Question 5.8: Velocity Measurement by a Pitot Tube A piezometer and a Pito...

The static and stagnation pressures in a horizontal pipe are measured. The velocity at the center of the pipe is to be determined.
Assumptions   1  The flow is steady and incompressible. 2  Points 1 and 2 are close enough together that the irreversible energy loss between these two points is negligible, and thus we can use the Bernoulli equation.
Analysis   We take points 1 and 2 along the streamline at the centerline of the pipe, with point 1 directly under the piezometer and point 2 at the tip of the Pitot tube.
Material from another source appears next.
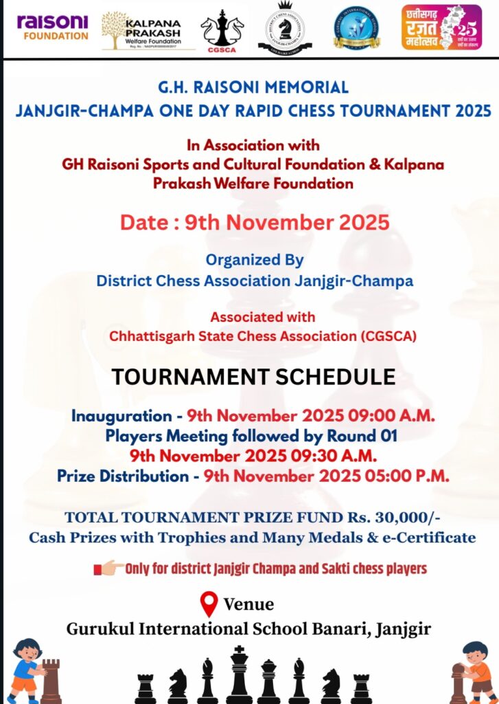 छत्तीसगढ़ राज्य के रजत जयंती अवसर पर एच. रायसोनी स्पोर्ट्स एंड कल्चरल फाउंडेशन एवं कल्पना प्रकाश वेलफेयर फाउंडेशन की संयुक्त पहल पर, प्रदेश शतरंज संघ के मार्गदर्शन में तथा गुरुकुल इंटरनेशनल स्कूल के सहयोग से जिला संघ द्वारा एक दिवसीय रेपिड शतरंज प्रतियोगिता का आयोजन किया जा रहा है। यह प्रतियोगिता 9 नवंबर को प्रातः 9 बजे से गुरुकुल इंटरनेशनल स्कूल, बनारी (जांजगीर) में प्रारंभ होगी।

This is a steady flow with straight and parallel streamlines, and the gage pressures at points 1 and 2 can be expressed as

P_1 = ρg(h_1 + h_2)
P_2 = ρg(h_1 + h_2 + h_3)

Noting that z_1 = z_2, and point 2 is a stagnation point and thus V_2 = 0, the application of the Bernoulli equation between points 1 and 2 gives

\frac{P_1}{\rho g} + \frac{V^2_1}{2g} + \cancel{z_1} = \frac{P_2}{\rho g} +\overset{0}{\frac{\cancel{V^2_2}}{2g} } + \cancel{z_2} → \frac{V^2_1}{2g} = \frac{P_2  –  P_1}{\rho g}

Substituting the P_1 and P_2 expressions gives

\frac{V^2_1}{2g} = \frac{P_2 – P_1}{\rho g} = \frac{\rho g(h_1 + h_2 + h_3 ) – \rho g(h_1 + h_2)}{\rho g} = h_3

Solving for V_1 and substituting,

V_1 = \sqrt{2gh_3} = \sqrt{2(9.81  m/s^2)(0.12  m)} = 1.53  m/s

Discussion   Note that to determine the flow velocity, all we need is to measure the height of the excess fluid column in the Pitot tube compared to that in the piezometer tube.